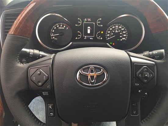 18款丰田红杉5700 V8加版顶配主要配置:新款镀铬中网,新款大灯带LED日间行车灯,中置雷达测局,20轮,巡航定速,车道偏离辅助,底盘升降,2/4驱切换,吸顶DVD,前座椅通风加热,二排座椅加热,第三排电动座椅,三区空调及自动恒温空调,桃木方向盘,导航屏,倒车影像,前后电眼,4CD,JBL高保真音响,行政7座,脚踏板,行李架。国五环保。
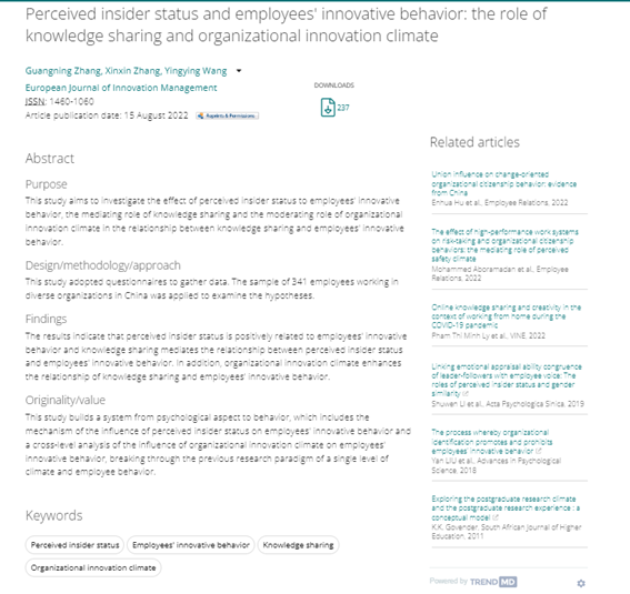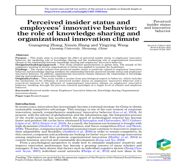 商学院张广宁教授作为第一作者与硕士研究生合作完成的论文“Perceived insider status and employees’ innovative behavior: the role of knowledge sharing and organizational innovation climate” 在《European Journal of Innovation Management》发表。
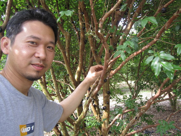 又稱「嘉寶果」的樹葡萄沒有病蟲害,葉啟陽表示,種植起來「很好照顧」,但較麻煩的是會吸引很多鳥過來啄食,所以果園要架設鳥網,但還是偶爾有鳥鑽進來,看到也不理會牠們,「反正吃剩的就是賺的」。樹葡萄目前市價每公斤約150元,葉啟陽看好未來發展,預計把2公頃的檳榔樹改種樹葡萄。
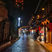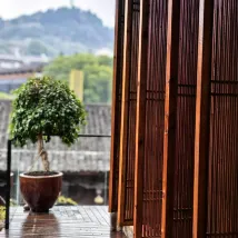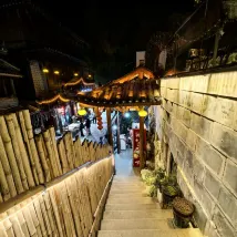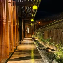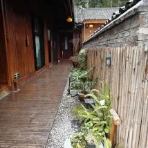 여관들 중에서도 비교적 새로운 곳이고, 공공장소에서 사진을 찍기 좋은 곳입니다. 바이쇼탕교(투왕교) 건너편, 동문(아마 이 문일 듯) 근처, 폭포 입구와 가깝습니다. 여관 자체의 계단을 제외하고는 차로 접근하기 쉽고, 마을의 모든 계단을 피할 수 있습니다.
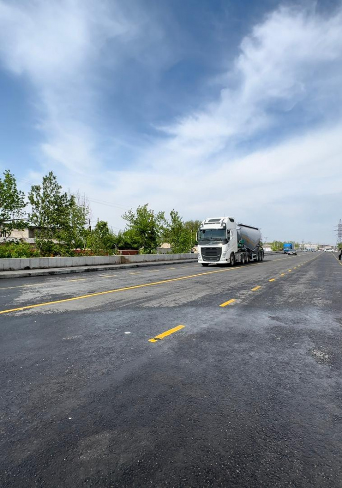 "Кроме того, на участке дороги 0-350 метров уложен первый слой асфальтобетонного покрытия толщиной 9 см. По обеим сторонам дороги обустроены тротуары, а с правой стороны установлены лотки для отвода воды. После реконструкции категория дороги была изменена - она расширена с двух до четырех полос движения", - рассказали в Минтрансе.
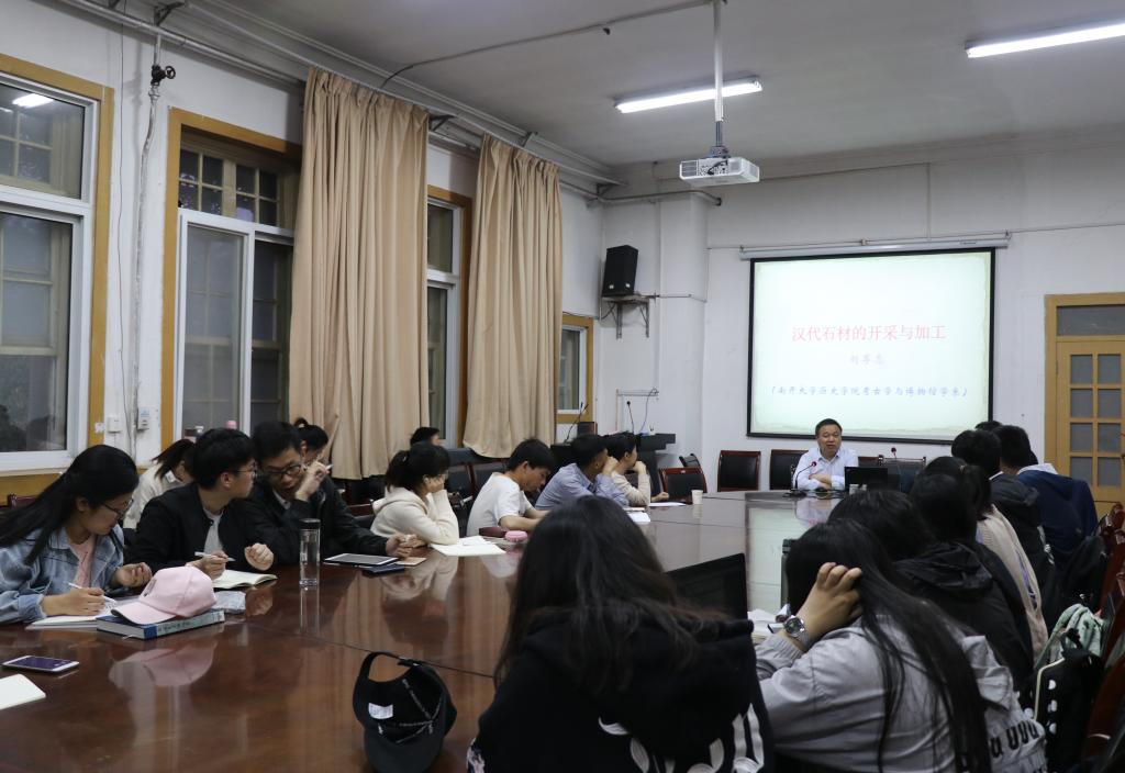 刘尊志教授考古工作经验丰富,以自己的亲身经验向同学们讲述了关于汉代石料的加工和开采,讲座内容充实,生动有趣,展现了考古工作者严谨踏实的工作态度,得到了在场师生的一致好评。
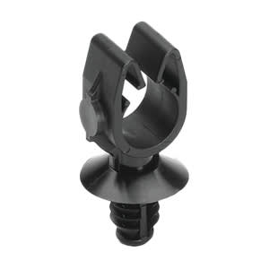Patented retention design features inverted retaining legs. narrow opening and circular retainer to prevent inadvertent disengagement. Controlled flex and angled entry promote easy installation. Fir tree demonstrates easy insertion with high extraction resistance.
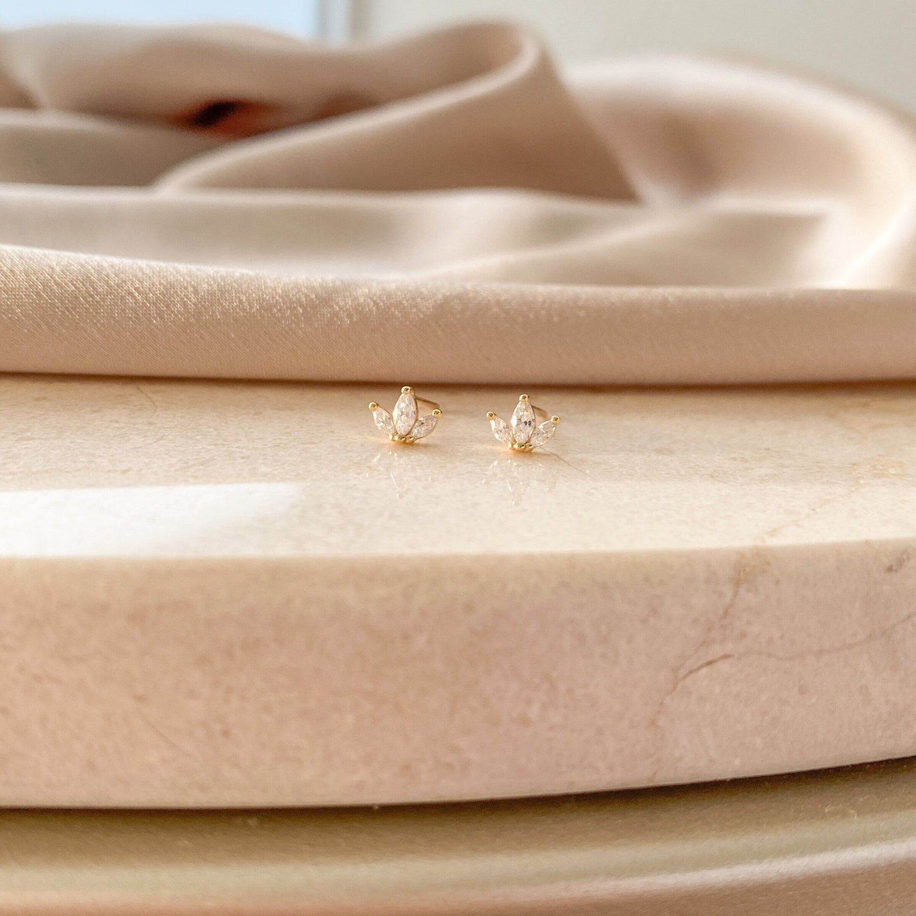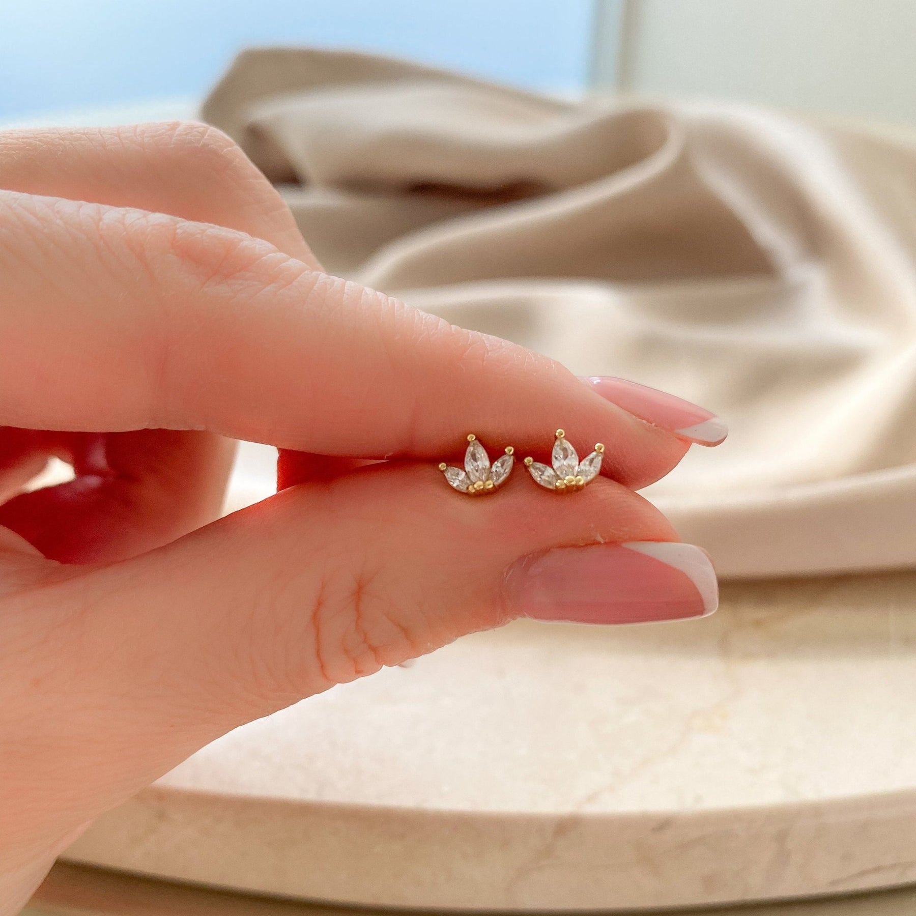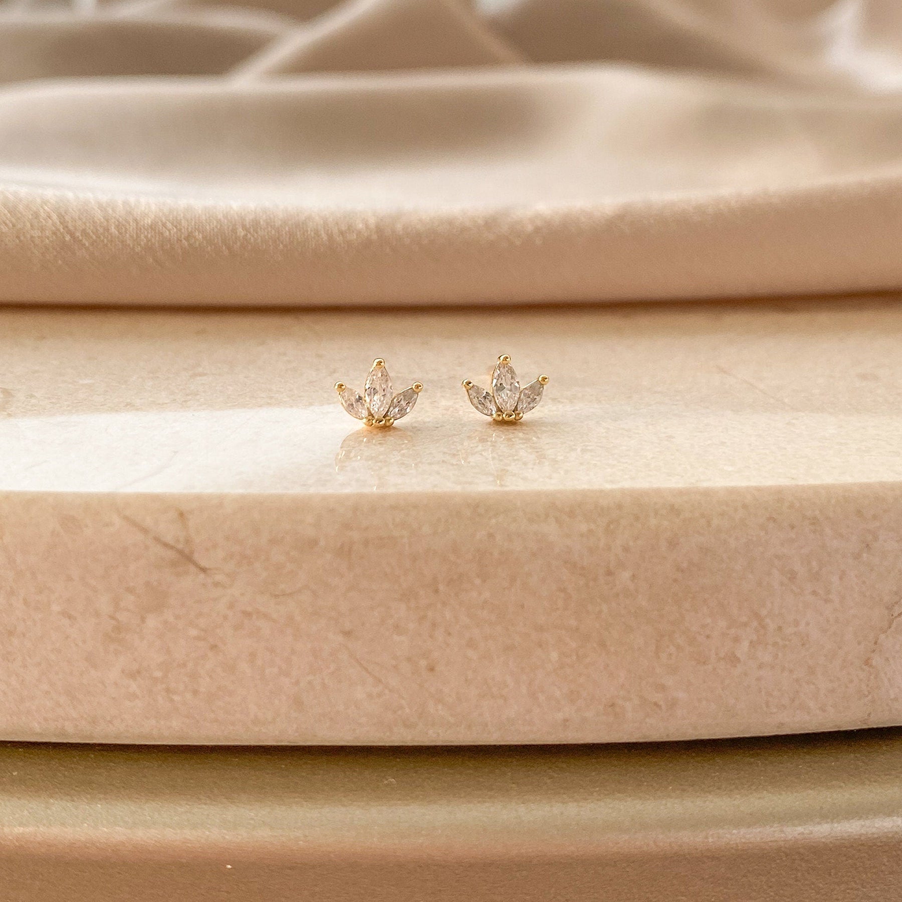 These elegant Diamond Stud Earrings feature three sparkling marquise-cut cubic zirconia stones arranged in a refined crown-like design. Crafted from premium 925 sterling silver and finished with high-quality gold plating, they offer a luxurious shine while remaining lightweight and comfortable for everyday wear.
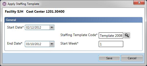 To apply a staffing template to a date range outside the range of the open schedule, close this screen, open the schedule to a date range which includes the entire date range to apply, and then reopen this function.
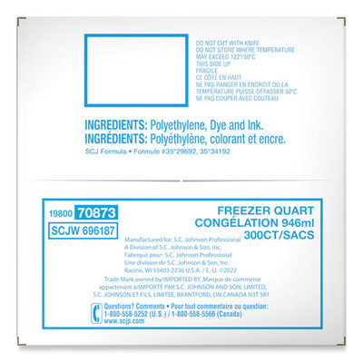 Zipper Freezer Bags, 32 oz, 7" x 7.75", Clear, 300/Carton

Task prompt: Each line above starting at the one holding "여관들 중에서도 비교적" and ending at the one holding "These elegant Diamond" should be set down exactly as it stands, both ends included, with no pictures.

Response below:
 여관들 중에서도 비교적 새로운 곳이고, 공공장소에서 사진을 찍기 좋은 곳입니다. 바이쇼탕교(투왕교) 건너편, 동문(아마 이 문일 듯) 근처, 폭포 입구와 가깝습니다. 여관 자체의 계단을 제외하고는 차로 접근하기 쉽고, 마을의 모든 계단을 피할 수 있습니다.
 "Кроме того, на участке дороги 0-350 метров уложен первый слой асфальтобетонного покрытия толщиной 9 см. По обеим сторонам дороги обустроены тротуары, а с правой стороны установлены лотки для отвода воды. После реконструкции категория дороги была изменена - она расширена с двух до четырех полос движения", - рассказали в Минтрансе.
 刘尊志教授考古工作经验丰富,以自己的亲身经验向同学们讲述了关于汉代石料的加工和开采,讲座内容充实,生动有趣,展现了考古工作者严谨踏实的工作态度,得到了在场师生的一致好评。
Patented retention design features inverted retaining legs. narrow opening and circular retainer to prevent inadvertent disengagement. Controlled flex and angled entry promote easy installation. Fir tree demonstrates easy insertion with high extraction resistance.
 These elegant Diamond Stud Earrings feature three sparkling marquise-cut cubic zirconia stones arranged in a refined crown-like design. Crafted from premium 925 sterling silver and finished with high-quality gold plating, they offer a luxurious shine while remaining lightweight and comfortable for everyday wear.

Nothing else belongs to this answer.